§ Assignment: Write out the lines below once more, exactly as they appear. Do not include pictures.

§ Data shown:
::::::::::

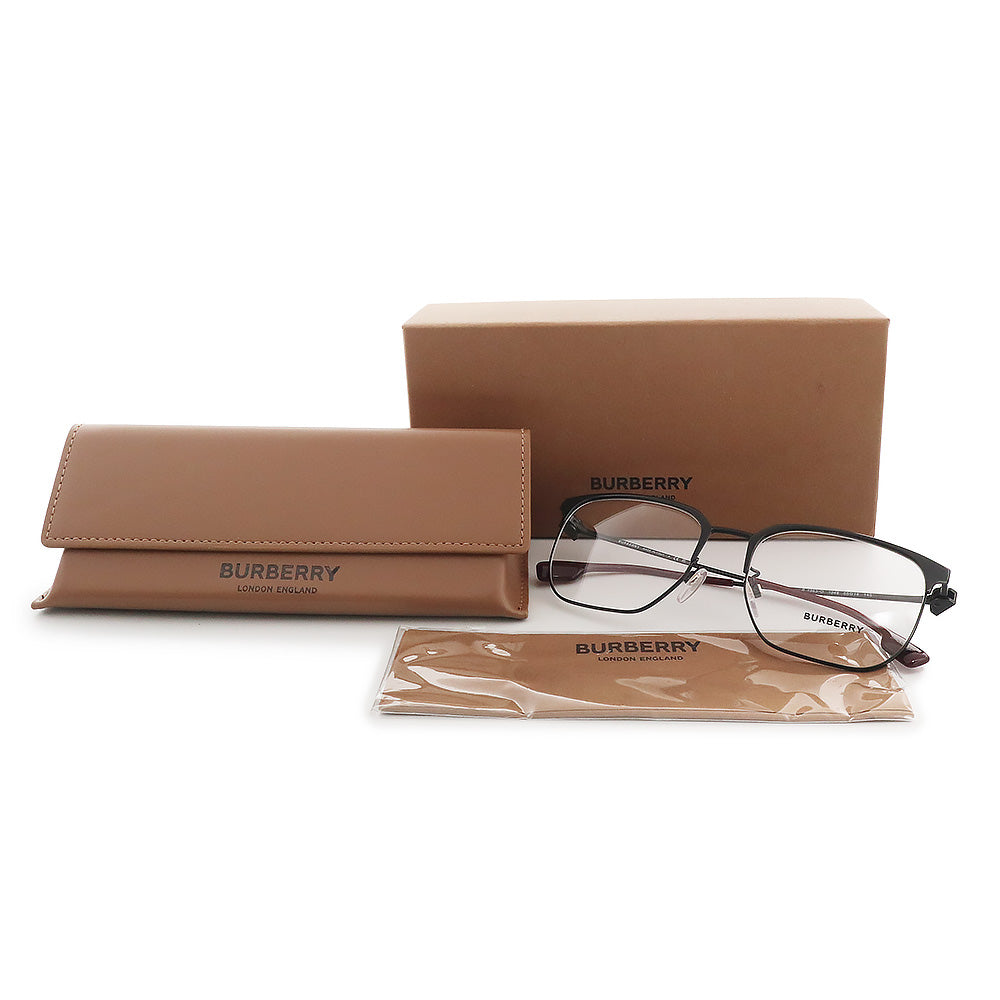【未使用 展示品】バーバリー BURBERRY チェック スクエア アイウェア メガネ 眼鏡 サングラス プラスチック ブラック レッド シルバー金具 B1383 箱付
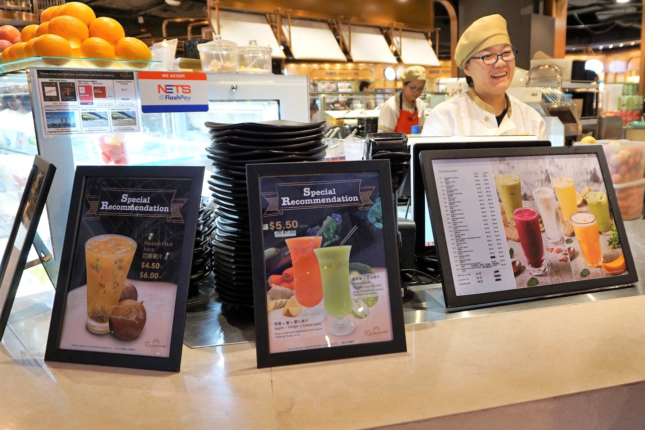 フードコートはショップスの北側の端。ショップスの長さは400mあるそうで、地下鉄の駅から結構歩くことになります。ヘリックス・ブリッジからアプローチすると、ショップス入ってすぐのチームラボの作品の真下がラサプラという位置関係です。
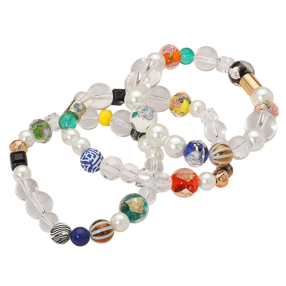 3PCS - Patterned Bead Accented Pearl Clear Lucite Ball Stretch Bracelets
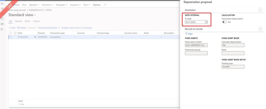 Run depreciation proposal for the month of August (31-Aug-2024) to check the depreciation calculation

::::::::::

§ Output of the exercise:
【未使用 展示品】バーバリー BURBERRY チェック スクエア アイウェア メガネ 眼鏡 サングラス プラスチック ブラック レッド シルバー金具 B1383 箱付
 フードコートはショップスの北側の端。ショップスの長さは400mあるそうで、地下鉄の駅から結構歩くことになります。ヘリックス・ブリッジからアプローチすると、ショップス入ってすぐのチームラボの作品の真下がラサプラという位置関係です。
 3PCS - Patterned Bead Accented Pearl Clear Lucite Ball Stretch Bracelets
 Run depreciation proposal for the month of August (31-Aug-2024) to check the depreciation calculation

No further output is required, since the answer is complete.